Lakers Exit Interviews 2018: Magic Johnson, Rob Pelinka And Luke Walton Agree Lonzo Ball Doesn’t Need To Change Shooting Form
Lonzo Ball, Lakers
Gary A. Vasquez-USA TODAY Sports

Los Angeles Lakers point guard Lonzo Ball is known for a lot of things but having a perfect jump shot is not one of them. It’s uncomfortably awkward, with the ball being flung at the basket from the wrong side of his body.

Ball stuck with it because, for the most part, the shot went in. It wasn’t pretty, but sometimes oddballs can find success. Shawn Marion had an excellent career by flinging the ball from his waist. Rick Barry shot free throws underhand and rarely missed.

In college, Ball made 41 percent of his threes; more than enough to continue firing away. In his rookie season with the Lakers, however, that number dipped to just 30 percent, and Ball shot an unfathomably bad 45 percent from the free throw line.

Given these struggles, calls rang out once again for Ball to tinker with his mechanics during the offseason, but the Lakers are unified in no such change is necessary.

“When we’re evaluating shooting mechanics, the two biggest things we’re looking at is the release and spin on the ball, and the arch, the trajectory of the ball,” Lakers general manager Rob Pelinka said on the final day of exit interviews.

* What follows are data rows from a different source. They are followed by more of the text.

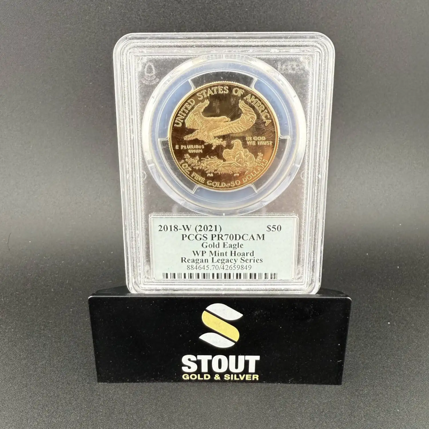 Graded PCGS PR-70, the highest possible grade, this limited-edition coin bears the sought-after "W" mint mark from the prestigious West Point Mint and is part of the renowned Michael Reagan West Point Mint Hoard, further enhancing its value and desirability.
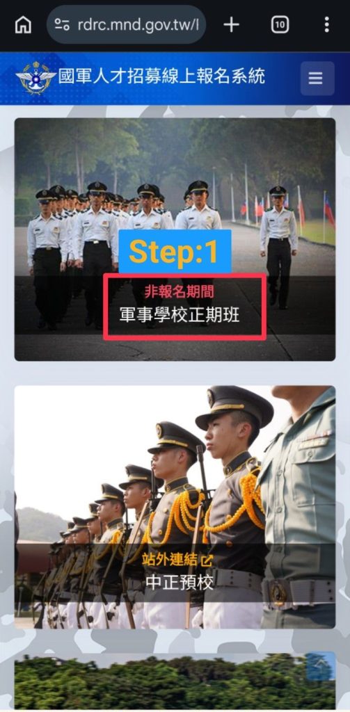 【軍校報名】軍校第二階段甄試准考證及注意事項已公布!Post author:tngsna470017Post published:2026-04-15Post category:_置頂公告 / 04.校安中心正期班准考證已完成製作,可提醒報考同學以帳號密碼登入軍校報名查詢。另以下各校連結為115年正期班各軍事院校面、口試規劃,請參閱:陸軍官校海軍官校空軍官校理工學院管理學院政戰學院 口試注意事項 面試注意事項國醫大學 口試注意事項 面試注意事項 Post Views: 75Read more articles上一篇文章【轉知】社團法人中華民國應用商業管理協會心理探索營-2026夏令營報名開始!!下一篇文章轉~國立自然科學博物館「科博時光:重拾夏日浪漫」單身聯誼活動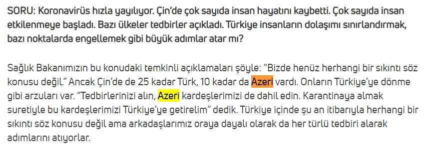 "Çində 25-ə qədər Türk, 10-a qədər də Azəri vardı. Onların Türkiyəyə gəlmək kimi arzuları var. Karantinə alaraq surətilə bu qardaşlarımızı də Türkiyəyə gətirək".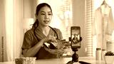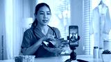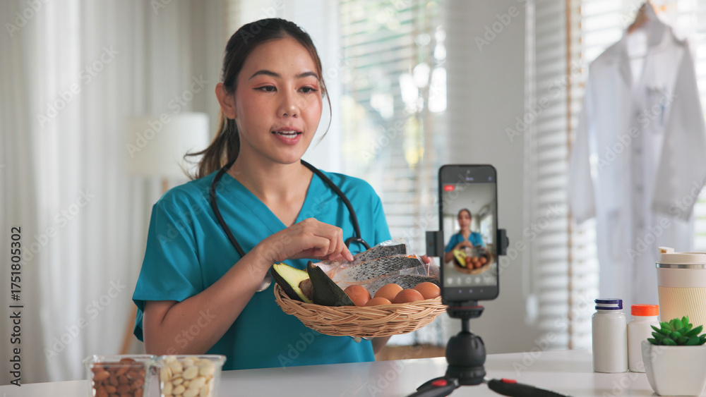 Asia woman people anti aging expert modern health care vlogger live advice talk selfie video mobile phone camera. Online diet food weight loss HDL meal plan recipe digital virtual asian coach filming.

“We’ve studied those two things on Lonzo. He has a very beautiful release. His ball spins very true, he’s got good arch on the ball. There’s been other shooters that are Hall-of-Fame players, like Reggie Miller, who have unorthodox strokes but have been great shooters. We don’t really talk or think about changing how he shoots.”

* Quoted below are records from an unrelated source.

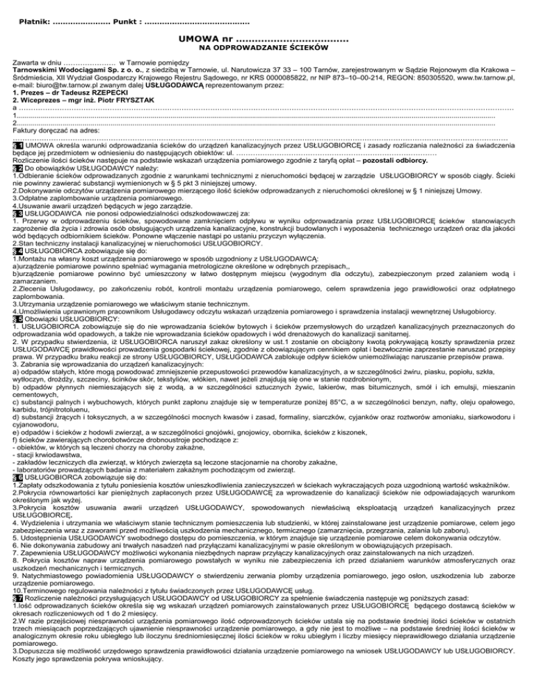 Płatnik: ………………….. Punkt : …………………………………… UMOWA nr ……………………………… NA ODPROWADZANIE ŚCIEKÓW Zawarta w dniu …………………. w Tarnowie pomiędzy Tarnowskimi Wodociągami Sp. z o. o., z siedzibą w Tarnowie, ul. Narutowicza 37 33 – 100 Tarnów, zarejestrowanym w Sądzie Rejonowym dla Krakowa – Śródmieścia, XII Wydział Gospodarczy Krajowego Rejestru Sądowego, nr KRS 0000085822, nr NIP 873–10–00-214, REGON: 850305520, www.tw.tarnow.pl, e-mail: [email protected] zwanym dalej USŁUGODAWCĄ reprezentowanym przez: 1. Prezes – dr Tadeusz RZEPECKI 2. Wiceprezes – mgr inż. Piotr FRYSZTAK a ……………………………………………………………………………………………………………………………………………………………………………………… 1................................................................................................................................................................................................................................................ 2................................................................................................................................................................................................................................................ Faktury doręczać na adres: ……………………………………………………………………………………………………………………………………………………………………………………… § 1 UMOWA określa warunki odprowadzania ścieków do urządzeń kanalizacyjnych przez USŁUGOBIORCĘ i zasady rozliczania należności za świadczenia będące jej przedmiotem w odniesieniu do następujących obiektów: ul. ………………………………………………………………………… Rozliczenie ilości ścieków następuje na podstawie wskazań urządzenia pomiarowego zgodnie z taryfą opłat – pozostali odbiorcy. § 2 Do obowiązków USŁUGODAWCY należy: 1.Odbieranie ścieków odprowadzanych zgodnie z warunkami technicznymi z nieruchomości będącej w zarządzie USŁUGOBIORCY w sposób ciągły. Ścieki nie powinny zawierać substancji wymienionych w § 5 pkt 3 niniejszej umowy. 2.Dokonywanie odczytów urządzenia pomiarowego mierzącego ilość ścieków odprowadzanych z nieruchomości określonej w § 1 niniejszej Umowy. 3.Odpłatne zaplombowanie urządzenia pomiarowego. 4.Usuwanie awarii urządzeń będących w jego zarządzie. § 3 USŁUGODAWCA nie ponosi odpowiedzialności odszkodowawczej za: 1. Przerwy w odprowadzeniu ścieków, spowodowane zamknięciem odpływu w wyniku odprowadzania przez USŁUGOBIORCĘ ścieków stanowiących zagrożenie dla życia i zdrowia osób obsługujących urządzenia kanalizacyjne, konstrukcji budowlanych i wyposażenia technicznego urządzeń oraz dla jakości wód będących odbiornikiem ścieków. Ponowne włączenie nastąpi po ustaniu przyczyn wyłączenia. 2.Stan techniczny instalacji kanalizacyjnej w nieruchomości USŁUGOBIORCY. § 4 USŁUGOBIORCA zobowiązuje się do: 1.Montażu na własny koszt urządzenia pomiarowego w sposób uzgodniony z USŁUGODAWCĄ: a)urządzenie pomiarowe powinno spełniać wymagania metrologiczne określone w odrębnych przepisach,, b)urządzenie pomiarowe powinno być umieszczony w łatwo dostępnym miejscu (wygodnym dla odczytu), zabezpieczonym przed zalaniem wodą i zamarzaniem. 2.Zlecenia Usługodawcy, po zakończeniu robót, kontroli montażu urządzenia pomiarowego, celem sprawdzenia jego prawidłowości oraz odpłatnego zaplombowania. 3.Utrzymania urządzenie pomiarowego we właściwym stanie technicznym. 4.Umożliwienia uprawnionym pracownikom Usługodawcy odczytu wskazań urządzenia pomiarowego i sprawdzenia instalacji wewnętrznej Usługobiorcy. § 5 Obowiązki USŁUGOBIORCY: 1. USŁUGOBIORCA zobowiązuje się do nie wprowadzania ścieków bytowych i ścieków przemysłowych do urządzeń kanalizacyjnych przeznaczonych do odprowadzania wód opadowych, a także nie wprowadzania ścieków opadowych i wód drenażowych do kanalizacji sanitarnej. 2. W przypadku stwierdzenia, iż USŁUGOBIORCA naruszył zakaz określony w ust.1 zostanie on obciążony kwotą pokrywającą koszty sprawdzenia przez USŁUGODAWCĘ prawidłowości prowadzenia gospodarki ściekowej, zgodnie z obowiązującym cennikiem opłat i bezwłocznie zaprzestanie naruszać przepisy prawa. W przypadku braku reakcji ze strony USŁUGOBIORCY, USŁUGODAWCA zablokuje odpływ ścieków uniemożliwiając naruszanie przepisów prawa. 3. Zabrania się wprowadzania do urządzeń kanalizacyjnych: a) odpadów stałych, które mogą powodować zmniejszenie przepustowości przewodów kanalizacyjnych, a w szczególności żwiru, piasku, popiołu, szkła, wytłoczyn, drożdży, szczeciny, ścinków skór, tekstyliów, włókien, nawet jeżeli znajdują się one w stanie rozdrobnionym, b) odpadów płynnych niemieszających się z wodą, a w szczególności sztucznych żywic, lakierów, mas bitumicznych, smół i ich emulsji, mieszanin cementowych, c) substancji palnych i wybuchowych, których punkt zapłonu znajduje się w temperaturze poniżej 85°C, a w szczególności benzyn, nafty, oleju opałowego, karbidu, trójnitrotoluenu, d) substancji żrących i toksycznych, a w szczególności mocnych kwasów i zasad, formaliny, siarczków, cyjanków oraz roztworów amoniaku, siarkowodoru i cyjanowodoru, e) odpadów i ścieków z hodowli zwierząt, a w szczególności gnojówki, gnojowicy, obornika, ścieków z kiszonek, f) ścieków zawierających chorobotwórcze drobnoustroje pochodzące z: - obiektów, w których są leczeni chorzy na choroby zakaźne, - stacji krwiodawstwa, - zakładów leczniczych dla zwierząt, w których zwierzęta są leczone stacjonarnie na choroby zakaźne, - laboratoriów prowadzących badania z materiałem zakaźnym pochodzącym od zw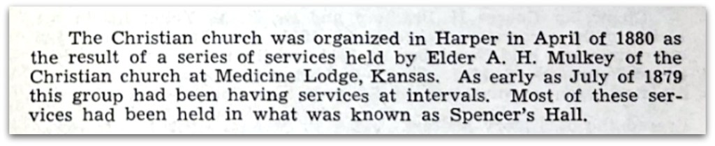 - Image – Formation of First Christian Church, Harper, Kansas – 1880 – A Historical Collection of Harper County Churches – Harper County Religious Heritage Committee – Anthony Public Library – Anthony, Kansas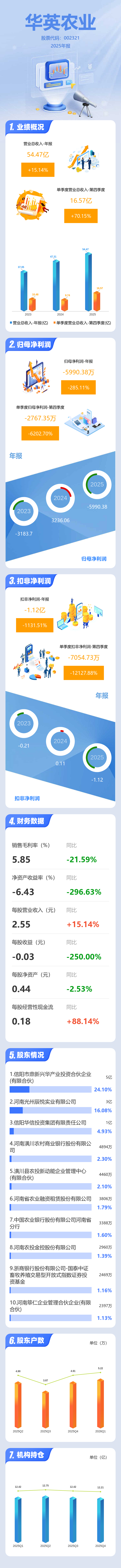 证券之星消息,华英农业2025年年报显示,当年度公司主营收入54.47亿元,同比上升15.15%;归母净利润-5990.38万元,同比下降285.11%;扣非净利润-1.12亿元,同比下降1131.51%;其中2025年第四季度,公司单季度主营收入16.57亿元,同比上升70.16%;单季度归母净利润-2767.35万元,同比下降6202.71%;单季度扣非净利润-7054.73万元,同比下降12127.88%;负债率63.36%,投资收益543.65万元,财务费用7005.6万元,毛利率5.85%。

Said Lakers head coach Luke Walton: “There’s always little things you can change; the balance of your shot and things like that, you always work on those as a shooter. But changing the form, I wouldn’t recommend doing that.”

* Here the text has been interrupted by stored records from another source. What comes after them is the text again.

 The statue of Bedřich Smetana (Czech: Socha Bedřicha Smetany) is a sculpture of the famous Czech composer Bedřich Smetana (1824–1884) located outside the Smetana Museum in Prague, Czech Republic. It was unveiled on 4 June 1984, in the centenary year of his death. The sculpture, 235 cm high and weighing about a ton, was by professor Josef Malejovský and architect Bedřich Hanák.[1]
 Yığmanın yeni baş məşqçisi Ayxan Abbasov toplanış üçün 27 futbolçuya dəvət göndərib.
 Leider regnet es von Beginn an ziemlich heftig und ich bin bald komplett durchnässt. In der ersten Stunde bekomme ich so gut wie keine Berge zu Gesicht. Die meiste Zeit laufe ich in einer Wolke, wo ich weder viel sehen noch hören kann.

With a focus put on becoming a better shooter, the hope is also that Ball will improve from the free throw line, which Lakers president of basketball operations Magic Johnson was sure to highlight during their meeting with Ball.”

“We’re going to stay with that and have him concentrate more. He has to shoot a lot of jump shots and free throws this summer. We challenged everybody for the free throw line. I was really disappointed across the board on free throws,” Johnson said.

While his strange mechanics will stay the same that doesn’t mean that Ball’s game will be stagnant during the offseason. On the contrary, he has plenty to work on, and already has a plan for how to make himself a more effective offensive player.

“Probably my main focus is scoring from all levels. Especially off the pick-and-roll, getting in the paint,” Ball said. “I feel like if I can add that to my game it would help a lot. Floaters, pull-ups, stuff of that nature.”

If Ball can indeed improve in the pick-and-roll and the mid-range it should open up the floor for his passing considerably. Teams would no longer be able to sag off of him as much, and with his 6’6” frame seeing over the top of the defense, Ball will have an easier time finding targets to dish to.

It’s going to be a big summer for Ball with plenty of work ahead of him, but he still has the potential to be a special player, even with his odd shooting motion.